For once their website is not too clear on this one.

It says infants have no baggage allowance but each CHILD may take a pushchair.

My 3 year old obviously has a checked bag allowance, but can we take a pushchair for him on the flight?


----------



## Cat101

From: [broken link removed]

There is no checked or cabin baggage allowance for infants, *however one fully collapsible pushchair per child is carried free of charge* *and does not need to be prebooked*


----------



## vandriver

We were told by customer service that we could bring a buggy for our 3 year old free of charge


----------



## GreenQueen

A 3 year old is not classed as an "infant" by Ryanair.  You have to pay extra to get your buggy carried as a piece of luggage unfortunately.  Ryanair states that they will carry 1 pushchair per infant checked but infant is classed as 0 - 24 months.  It's very frustrating.  Aer Lingus are far more accommodating but no surprises there!

When at the check in desk you receive a tag for the buggy but request that you use it until boarding.  Then it's treated as a normal buggy from there albeit one with a €30 price tag!


----------



## Bronte

You say nothing and you should have no problems, I've done it.  Of course you could be the first unlucky person to get caught but most security/attendants are sympathetic to people with kids.


----------



## Eeyore

We brought the buggy for our two and a half year old without charge and there was no problem. They just tagged it and we were able to bring it to the plane. Just in case we were challenged I brought a copy of [broken link removed] page from their website where it states:

_"Checked Baggage is any item accepted for carriage in the aircraft hold, including bags, infant equipment (baby seats/booster seats/travel cot), musical instruments and sports, equipment etc. (mobility equipment and children's' pushchairs are carried free of charge and do not need to be prebooked)."_


----------



## zippidydo

GreenQueen, you seem sure a buggy for a toddler has to paid! Did you pay for a buggy at some stage? I have a booking for next couple weeks with ryanair. Paid for 2 year old (full rate as far as I can remember). Will I have to pay extra at airport for buggy? Do I get it tagged a bag drop off point?


----------



## colin79ie

> Ryanair states that they will carry 1 pushchair per infant checked but infant is classed as 0 - 24 months.


 
Their website does not say this. It says infants have no checked bag allowance. However one fully collapsible pushchair per *CHILD* is carried free of charge.

It's either a child or an infant. Can't be both. They are the ones quoting their terms and conditions all the time.

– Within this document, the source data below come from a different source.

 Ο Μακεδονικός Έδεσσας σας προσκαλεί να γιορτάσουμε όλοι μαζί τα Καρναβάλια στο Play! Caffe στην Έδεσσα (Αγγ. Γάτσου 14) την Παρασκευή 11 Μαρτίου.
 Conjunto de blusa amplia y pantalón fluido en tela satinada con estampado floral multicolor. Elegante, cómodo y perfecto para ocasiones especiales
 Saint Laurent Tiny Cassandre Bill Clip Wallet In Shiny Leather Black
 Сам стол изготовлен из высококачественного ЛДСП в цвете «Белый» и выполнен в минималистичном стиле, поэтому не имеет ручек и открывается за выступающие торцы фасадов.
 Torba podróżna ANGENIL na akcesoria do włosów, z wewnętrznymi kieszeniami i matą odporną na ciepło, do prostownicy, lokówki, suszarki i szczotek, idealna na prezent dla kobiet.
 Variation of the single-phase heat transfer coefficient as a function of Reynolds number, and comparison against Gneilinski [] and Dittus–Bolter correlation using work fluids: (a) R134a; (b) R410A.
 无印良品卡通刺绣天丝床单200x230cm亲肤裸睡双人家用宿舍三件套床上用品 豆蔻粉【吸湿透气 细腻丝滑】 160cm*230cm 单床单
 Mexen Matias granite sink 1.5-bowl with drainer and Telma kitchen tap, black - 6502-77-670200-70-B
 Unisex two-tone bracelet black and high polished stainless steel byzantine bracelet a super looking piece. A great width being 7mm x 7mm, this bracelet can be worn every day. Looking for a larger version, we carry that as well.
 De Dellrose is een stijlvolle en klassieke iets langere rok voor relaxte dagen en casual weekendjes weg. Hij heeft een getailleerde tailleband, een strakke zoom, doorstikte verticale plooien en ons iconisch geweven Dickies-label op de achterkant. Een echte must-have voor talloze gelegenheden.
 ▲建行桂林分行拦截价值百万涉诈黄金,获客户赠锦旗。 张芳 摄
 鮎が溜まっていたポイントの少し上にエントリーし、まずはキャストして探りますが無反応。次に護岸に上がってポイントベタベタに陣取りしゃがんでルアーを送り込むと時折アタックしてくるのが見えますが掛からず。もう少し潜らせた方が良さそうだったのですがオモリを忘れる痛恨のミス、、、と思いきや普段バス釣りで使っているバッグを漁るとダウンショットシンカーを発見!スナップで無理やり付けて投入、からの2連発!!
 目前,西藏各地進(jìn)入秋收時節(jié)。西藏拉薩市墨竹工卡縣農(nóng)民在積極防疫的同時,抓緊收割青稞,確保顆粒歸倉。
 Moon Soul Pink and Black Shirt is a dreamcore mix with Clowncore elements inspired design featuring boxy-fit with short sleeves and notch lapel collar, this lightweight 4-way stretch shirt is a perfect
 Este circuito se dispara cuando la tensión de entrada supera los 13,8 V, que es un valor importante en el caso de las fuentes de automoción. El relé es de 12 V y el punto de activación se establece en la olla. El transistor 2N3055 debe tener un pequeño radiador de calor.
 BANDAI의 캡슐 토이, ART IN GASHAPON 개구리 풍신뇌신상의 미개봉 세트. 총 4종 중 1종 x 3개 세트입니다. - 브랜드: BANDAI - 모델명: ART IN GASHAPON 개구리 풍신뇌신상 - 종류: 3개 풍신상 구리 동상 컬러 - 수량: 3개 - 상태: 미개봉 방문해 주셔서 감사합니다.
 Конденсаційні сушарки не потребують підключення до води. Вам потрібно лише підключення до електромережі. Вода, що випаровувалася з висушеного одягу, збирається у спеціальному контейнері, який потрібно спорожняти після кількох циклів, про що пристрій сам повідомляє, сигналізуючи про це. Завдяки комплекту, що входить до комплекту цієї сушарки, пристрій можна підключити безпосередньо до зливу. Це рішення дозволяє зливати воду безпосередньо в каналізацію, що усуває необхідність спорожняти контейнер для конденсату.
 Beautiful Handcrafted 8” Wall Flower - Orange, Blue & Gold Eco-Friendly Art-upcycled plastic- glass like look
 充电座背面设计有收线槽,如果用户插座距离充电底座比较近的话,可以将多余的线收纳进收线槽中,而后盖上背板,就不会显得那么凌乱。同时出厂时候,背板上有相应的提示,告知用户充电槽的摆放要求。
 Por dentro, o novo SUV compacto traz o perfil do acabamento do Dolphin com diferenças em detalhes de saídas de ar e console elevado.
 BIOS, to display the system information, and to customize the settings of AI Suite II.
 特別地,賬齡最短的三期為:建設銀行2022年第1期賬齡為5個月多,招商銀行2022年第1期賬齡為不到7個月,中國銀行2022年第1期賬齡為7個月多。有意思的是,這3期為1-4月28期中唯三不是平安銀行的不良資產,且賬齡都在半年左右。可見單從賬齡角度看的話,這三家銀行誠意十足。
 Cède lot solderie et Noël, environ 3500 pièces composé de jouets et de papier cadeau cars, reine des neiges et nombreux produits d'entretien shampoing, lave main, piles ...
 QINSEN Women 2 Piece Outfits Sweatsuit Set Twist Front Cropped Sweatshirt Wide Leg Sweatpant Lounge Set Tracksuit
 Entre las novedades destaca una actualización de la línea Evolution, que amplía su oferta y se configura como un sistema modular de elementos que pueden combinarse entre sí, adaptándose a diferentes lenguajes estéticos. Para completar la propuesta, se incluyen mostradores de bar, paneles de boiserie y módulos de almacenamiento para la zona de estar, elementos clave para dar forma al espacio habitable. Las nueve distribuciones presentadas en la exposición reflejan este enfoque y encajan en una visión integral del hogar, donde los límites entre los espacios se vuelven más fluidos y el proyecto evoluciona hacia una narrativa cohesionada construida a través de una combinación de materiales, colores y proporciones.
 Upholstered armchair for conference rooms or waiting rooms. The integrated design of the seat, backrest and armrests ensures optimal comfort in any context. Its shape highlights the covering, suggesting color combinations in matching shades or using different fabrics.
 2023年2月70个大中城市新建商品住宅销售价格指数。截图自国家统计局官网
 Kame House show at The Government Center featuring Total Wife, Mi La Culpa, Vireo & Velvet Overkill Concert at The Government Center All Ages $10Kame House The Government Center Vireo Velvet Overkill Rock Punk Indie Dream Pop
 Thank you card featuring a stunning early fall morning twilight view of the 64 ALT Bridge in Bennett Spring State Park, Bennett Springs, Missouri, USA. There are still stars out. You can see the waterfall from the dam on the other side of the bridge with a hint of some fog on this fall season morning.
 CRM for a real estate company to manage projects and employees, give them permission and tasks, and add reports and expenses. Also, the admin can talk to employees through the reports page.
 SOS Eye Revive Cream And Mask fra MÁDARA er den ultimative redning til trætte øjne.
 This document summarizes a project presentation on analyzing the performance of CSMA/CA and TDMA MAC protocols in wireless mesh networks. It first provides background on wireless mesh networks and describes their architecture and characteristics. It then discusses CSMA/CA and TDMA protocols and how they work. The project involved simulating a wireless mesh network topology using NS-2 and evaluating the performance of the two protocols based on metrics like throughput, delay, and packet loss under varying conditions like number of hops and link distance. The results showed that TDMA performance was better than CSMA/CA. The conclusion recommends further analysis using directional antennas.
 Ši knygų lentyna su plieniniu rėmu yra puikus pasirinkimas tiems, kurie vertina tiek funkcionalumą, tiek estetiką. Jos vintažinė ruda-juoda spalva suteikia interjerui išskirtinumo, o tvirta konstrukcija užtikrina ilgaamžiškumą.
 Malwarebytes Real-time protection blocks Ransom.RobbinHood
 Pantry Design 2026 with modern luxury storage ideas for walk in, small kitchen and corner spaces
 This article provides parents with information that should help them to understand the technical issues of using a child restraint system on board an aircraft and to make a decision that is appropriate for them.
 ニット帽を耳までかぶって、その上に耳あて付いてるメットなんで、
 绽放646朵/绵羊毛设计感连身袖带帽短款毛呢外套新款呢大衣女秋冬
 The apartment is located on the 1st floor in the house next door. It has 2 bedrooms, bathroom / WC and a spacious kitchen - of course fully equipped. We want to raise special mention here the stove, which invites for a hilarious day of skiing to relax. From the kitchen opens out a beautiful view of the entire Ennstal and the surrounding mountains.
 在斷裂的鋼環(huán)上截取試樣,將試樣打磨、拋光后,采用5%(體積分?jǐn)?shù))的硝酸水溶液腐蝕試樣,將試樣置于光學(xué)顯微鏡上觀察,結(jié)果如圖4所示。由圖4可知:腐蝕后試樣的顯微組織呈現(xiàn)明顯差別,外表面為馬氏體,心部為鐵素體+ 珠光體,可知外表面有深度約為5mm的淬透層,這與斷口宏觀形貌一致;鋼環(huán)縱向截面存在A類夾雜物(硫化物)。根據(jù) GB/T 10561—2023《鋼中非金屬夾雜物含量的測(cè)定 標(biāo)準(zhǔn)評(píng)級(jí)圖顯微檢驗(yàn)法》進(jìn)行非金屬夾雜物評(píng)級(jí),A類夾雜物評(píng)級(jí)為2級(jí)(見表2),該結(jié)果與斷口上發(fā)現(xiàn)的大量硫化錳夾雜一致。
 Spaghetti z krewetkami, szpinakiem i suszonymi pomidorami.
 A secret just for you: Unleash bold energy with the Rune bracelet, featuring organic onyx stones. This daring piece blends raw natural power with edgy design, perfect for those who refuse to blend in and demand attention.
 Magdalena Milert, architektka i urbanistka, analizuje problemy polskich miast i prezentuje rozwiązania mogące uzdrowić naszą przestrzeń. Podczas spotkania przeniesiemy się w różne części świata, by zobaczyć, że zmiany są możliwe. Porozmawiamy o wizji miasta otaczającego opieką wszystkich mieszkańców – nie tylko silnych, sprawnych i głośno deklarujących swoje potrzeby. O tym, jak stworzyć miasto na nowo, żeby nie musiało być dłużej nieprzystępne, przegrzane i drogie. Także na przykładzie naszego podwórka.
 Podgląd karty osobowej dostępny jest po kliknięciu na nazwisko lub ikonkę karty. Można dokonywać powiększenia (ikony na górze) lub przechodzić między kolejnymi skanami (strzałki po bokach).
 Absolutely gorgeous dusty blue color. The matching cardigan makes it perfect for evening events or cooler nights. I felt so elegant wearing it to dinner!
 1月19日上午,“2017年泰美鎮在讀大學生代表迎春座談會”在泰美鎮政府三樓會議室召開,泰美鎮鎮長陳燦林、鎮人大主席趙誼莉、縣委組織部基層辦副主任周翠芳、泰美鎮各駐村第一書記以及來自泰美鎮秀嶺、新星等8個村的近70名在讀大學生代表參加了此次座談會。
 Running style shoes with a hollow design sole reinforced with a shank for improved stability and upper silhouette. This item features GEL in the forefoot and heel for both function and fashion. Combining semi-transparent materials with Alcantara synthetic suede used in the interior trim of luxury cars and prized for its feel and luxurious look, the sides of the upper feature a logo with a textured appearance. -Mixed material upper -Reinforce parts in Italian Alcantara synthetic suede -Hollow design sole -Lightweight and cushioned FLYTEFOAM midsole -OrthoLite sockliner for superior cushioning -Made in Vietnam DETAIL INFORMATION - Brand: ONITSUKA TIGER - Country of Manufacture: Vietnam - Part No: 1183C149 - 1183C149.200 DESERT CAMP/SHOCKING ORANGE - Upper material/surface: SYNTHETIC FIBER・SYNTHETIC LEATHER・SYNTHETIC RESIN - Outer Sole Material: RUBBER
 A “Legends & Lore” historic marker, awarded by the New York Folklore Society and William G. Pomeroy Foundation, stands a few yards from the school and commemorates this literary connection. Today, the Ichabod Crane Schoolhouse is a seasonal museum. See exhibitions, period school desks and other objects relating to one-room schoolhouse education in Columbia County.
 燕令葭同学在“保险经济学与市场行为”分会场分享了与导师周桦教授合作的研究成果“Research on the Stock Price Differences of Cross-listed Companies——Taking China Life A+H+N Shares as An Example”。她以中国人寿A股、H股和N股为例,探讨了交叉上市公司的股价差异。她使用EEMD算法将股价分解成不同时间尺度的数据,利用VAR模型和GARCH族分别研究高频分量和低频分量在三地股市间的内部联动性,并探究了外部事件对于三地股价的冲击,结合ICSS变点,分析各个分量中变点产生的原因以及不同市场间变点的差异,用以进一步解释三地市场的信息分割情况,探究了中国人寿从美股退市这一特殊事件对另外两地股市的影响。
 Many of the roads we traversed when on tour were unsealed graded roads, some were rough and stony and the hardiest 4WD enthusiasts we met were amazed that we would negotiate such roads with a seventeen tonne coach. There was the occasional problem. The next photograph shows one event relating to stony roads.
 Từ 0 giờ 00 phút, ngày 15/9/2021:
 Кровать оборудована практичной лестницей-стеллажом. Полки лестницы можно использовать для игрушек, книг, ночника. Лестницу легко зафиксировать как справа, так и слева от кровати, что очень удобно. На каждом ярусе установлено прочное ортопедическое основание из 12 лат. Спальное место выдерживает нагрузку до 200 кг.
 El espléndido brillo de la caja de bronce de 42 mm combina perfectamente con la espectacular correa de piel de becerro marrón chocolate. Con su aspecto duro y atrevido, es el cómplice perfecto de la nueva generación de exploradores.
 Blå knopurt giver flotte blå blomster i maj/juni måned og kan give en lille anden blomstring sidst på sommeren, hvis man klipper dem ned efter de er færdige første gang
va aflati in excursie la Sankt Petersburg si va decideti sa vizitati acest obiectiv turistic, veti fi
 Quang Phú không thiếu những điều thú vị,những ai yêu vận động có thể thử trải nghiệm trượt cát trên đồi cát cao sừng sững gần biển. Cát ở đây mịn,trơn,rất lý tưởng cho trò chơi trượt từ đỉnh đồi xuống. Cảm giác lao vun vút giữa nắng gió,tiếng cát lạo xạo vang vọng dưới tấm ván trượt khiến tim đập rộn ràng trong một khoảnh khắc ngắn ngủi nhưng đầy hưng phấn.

Just like "It's 15.1 Kilos sir". Who calibrates the scales?


----------



## GreenQueen

An irish discussion forum topic on this subject where a child over the age of 2 had to pay extra to have a buggy transported:

http://www.magicmum.com/phpBB/viewtopic.php?f=49&t=184123&hilit=+buggy+ryanair


----------



## malovanyy

Registered here only to post the reply. Contacted  RyanAir with the same question. First sent me some bull**** about  travelling with infants from their rools, then I asked again and got the  answer:

Dear Customer,
Thank you for contacting Ryanair.
In  regards to your recent correspondence please be advised that children  over two years old can have a handluaggage within the permitted  dimension and they can have a fully collapsable pushchair if they still  use one.


----------



## Sandals

Travelled last summer with ryanair, I brought a buggy for a six year old (they do get tired), no charge, no hassle. Also brought a very light double buggy just a little bit bigger than a single stroller, they said carry it over to area where they scan large items, no charge, no hassle.


----------



## oldtimer

Just back from Tenerife - flew with Ryanair. Took buggy for 3 year old, no problem, no charge, no hassle.


----------